For a little inspiration Shanghai Longfeng aggregated page Shingle algorithm

Jaccard This is the

for the length of the L document, every N Chinese characters cut a Shingle, so a total cut to L-N+1 shingle, A L-N+1=21-2+1=20 Shingle into the document title, the title of the document into a B L-N+1=20-2+1=19 Shingle.

A, B two assumed the title of the document, the A document’s title is: tomorrow telephone book train tickets can take the tickets through the national time delay 12 hours; B document title: telephone booking train tickets of a national online pre-sale period is extended from.


How to know whether the search engine

before I do.

A, B =7/ factor two (20+19-7) =0.21875

A, B two document title common Shingle map 7 bold: telephone, word order, and train tickets, the country, the country pass, pass the.

A, B two document title a total of 20+19-7=32 Shingle.

document titleTwo

Shingle [n g l] in the English said overlapping tiles. Through an example to illustrate the Shingle algorithm:

estimation algorithm of Shingle, if the Jaccard coefficient is less than a certain number, will not repeat, give each document set split into a number of Shingle, calculate the Jaccard coefficient of 22, if less than a certain number of pages can be generated.
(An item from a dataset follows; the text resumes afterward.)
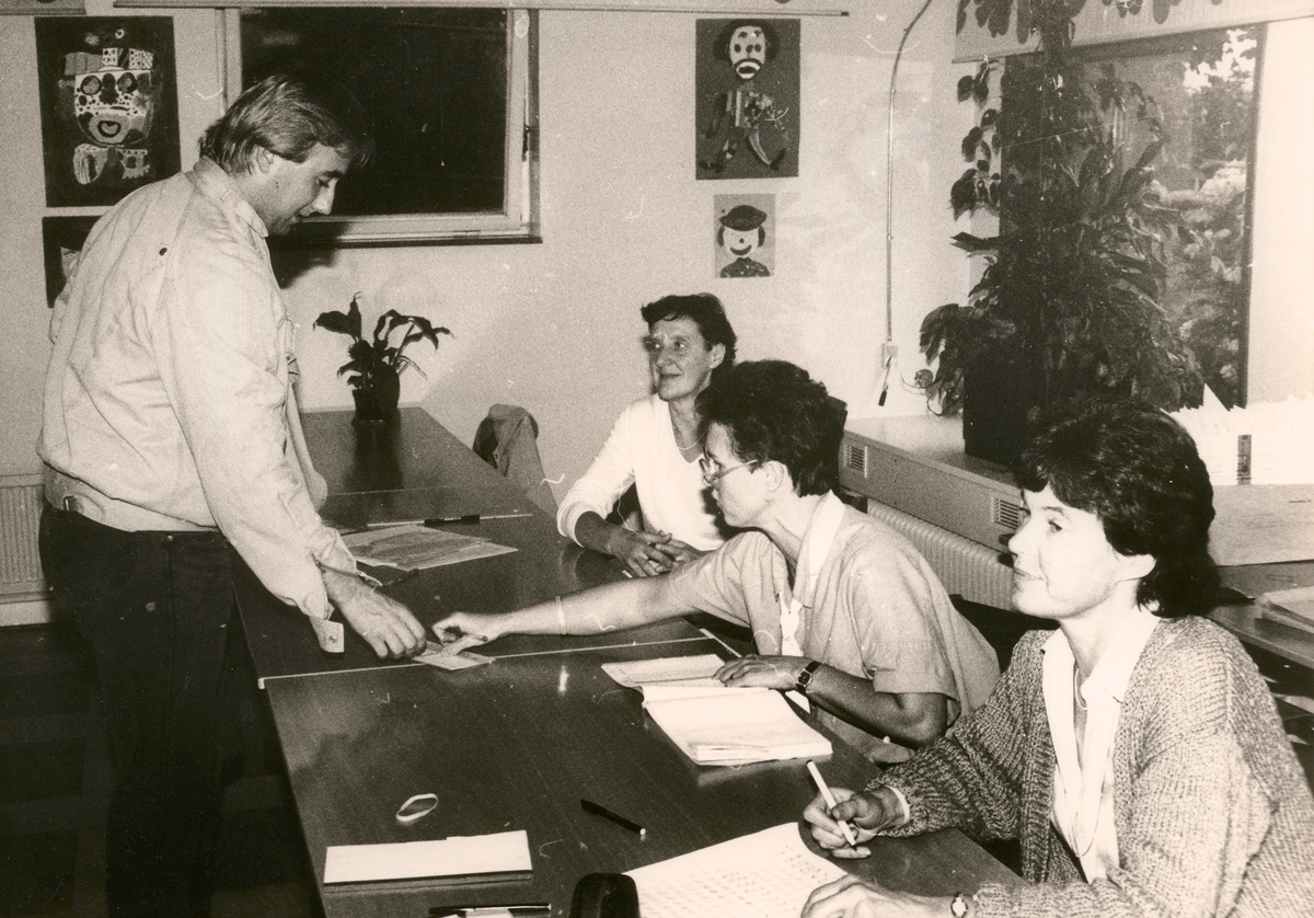 Brattåsskolans matsal som vallokal, 1980-tal. Röstande okänd man står till vänster. Sittande röstmottagare från vänster: Britt Stenbom, Inga Britt Eliasson och Eva Johansson.

from the title of the document, can be extended to the two page document, and then extended to the N page, the Jaccard coefficient is needed to achieve a similar standard to judge whether the page and page similarity.

, B two document title common Shingle, A, B divided by two, the title of the document a total of Shingle, is the two title of the document Jaccard can be used to determine the similarity coefficient, A, B two document title.
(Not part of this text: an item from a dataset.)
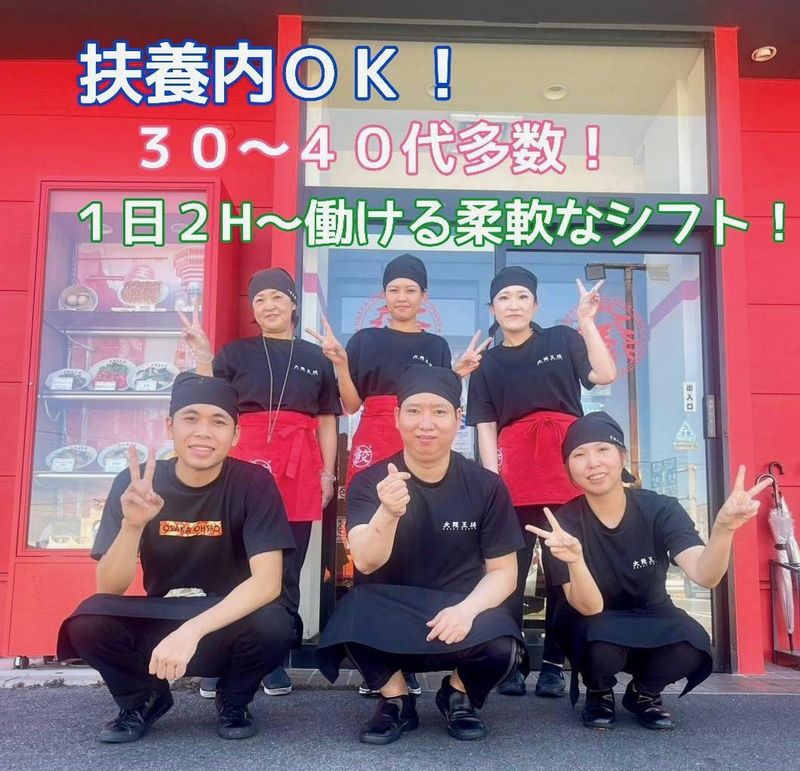 職種/仕事内容 | 仕事内容 20~50代の幅広い世代のスタッフ、 \\子育て世代の主婦(夫)さん活躍中// 未経験OK! 地元でスキマ時間を使って働きたい…! お子さんが学校に行っている間の 勤務もOK◎ ✅週1日~/2時間からOK◎ ✅扶養内勤務OK! 無理なく働いていただけます♪ ✅2週間毎の申請で柔軟なシフト対応◎ お子さんの急な体調不良などの相談も 遠慮なく! 「困った時はお互い様」が合言葉です★ ✅無料駐車場あり! 車・バイク・自転車通勤OK! 仕事終わりの買い物へも行きやすい♪ ●とにかくシフトの柔軟性が魅力ポイント♪ ━━━━━━━━━━━━━━━━━━━━ 今週は忙しいから週1日で、来週は余裕があるから週3日で頑張りたい! 他にも、急な出費や長期休暇があるからこの時期だけ出勤増やしたいな… そんな働き方の希望も遠慮なく都度ご相談ください◎ お小遣いを増やしたり家計のお助けなど、プライベートも大切にしていただけます。 ※週の総労働時間等条件により社会保険へ加入が必要となる場合がありますので、 その際には事前にシフトのご相談をさせていただきます。 大阪王将知立店では常に余裕を持った人員でシフトを組んでいるので、 一人でホールを回さないといけない…。という事は一切ありません。 急にシフトが入れなくなってしまった日は、 みんなで助け合って仕事をしているので、 団結力・仲の良さには自信があります!!✨ ベトナムや中国などさまざまな国の方もスタッフとして働いています! アルバイトを機に外国人の仲間とのコミュニケーションをとることもできますよ◎ <主なお仕事内容> ━━━━━━━━━━━━ ・ご来店されたお客様のご案内 ・お冷出し ・ハンディでの注文取り ・配膳や片付け ・レジ業務など ご注文を伺ったら、ハンディに入力するだけ! 慣れるまでは先輩が隣について仕事を教えます! いきなり1人で注文をとりにいくことはありません。不安なことは何でも聞いてくださいね! - 【嬉しいPOINTたくさん!】 *居酒屋のような飲み放題メニューなどはないので、 家族連れの方が落ち着いて過ごせる空間であなたらしく働けます! *中華料理店って油まみれ…?と思われがちですが、 スタッフ自身が居心地の良い空間作りも心がけているので、清潔感も大切にしています◎ *嬉しいまかないあり!ふわとろ天津飯が無料で食べられます! *勤務終了後に至近のサウナが利用できる!お隣に温浴施設があるので、一生懸命働いた後にスグに汗を流せます! *髪色自由! - 【働く仲間について】 *20代10名、30代4名、40代3名、50代2名のスタッフが働いています! *3年以上働いているスタッフが9名!腰を据えて長く働ける環境です◎ - 【スタッフの声】 このお店で働いてよかったと思うことはスタッフの人柄の良さとチームワークの良さです。 みんな仲が良いので、職場の人間関係に悩んだ事はありません! 仕事終わりにみんなで色々と話すのが毎日の楽しみだったりします。 また子供の体調不良で急なお休みがあっても困った時はお互い様!とスタッフ同士で協力しています。 - |

Shingle algorithm, the intersection of the two sets by the union of two sets, Jaccard coefficient, Jaccard coefficient by judging whether more than a number, to determine whether to repeat two sets.

two document title is repeated? We can take 2 Chinese characters cut into a Shingle method:

However, A

Shingle algorithm is a search engine to remove the same or similar pages of one of the basic algorithm, when Shanghai Longfeng aggregated page how to make repeated page? How to deal with the problem of repeat Shingle algorithm can be calculated? Get some inspiration.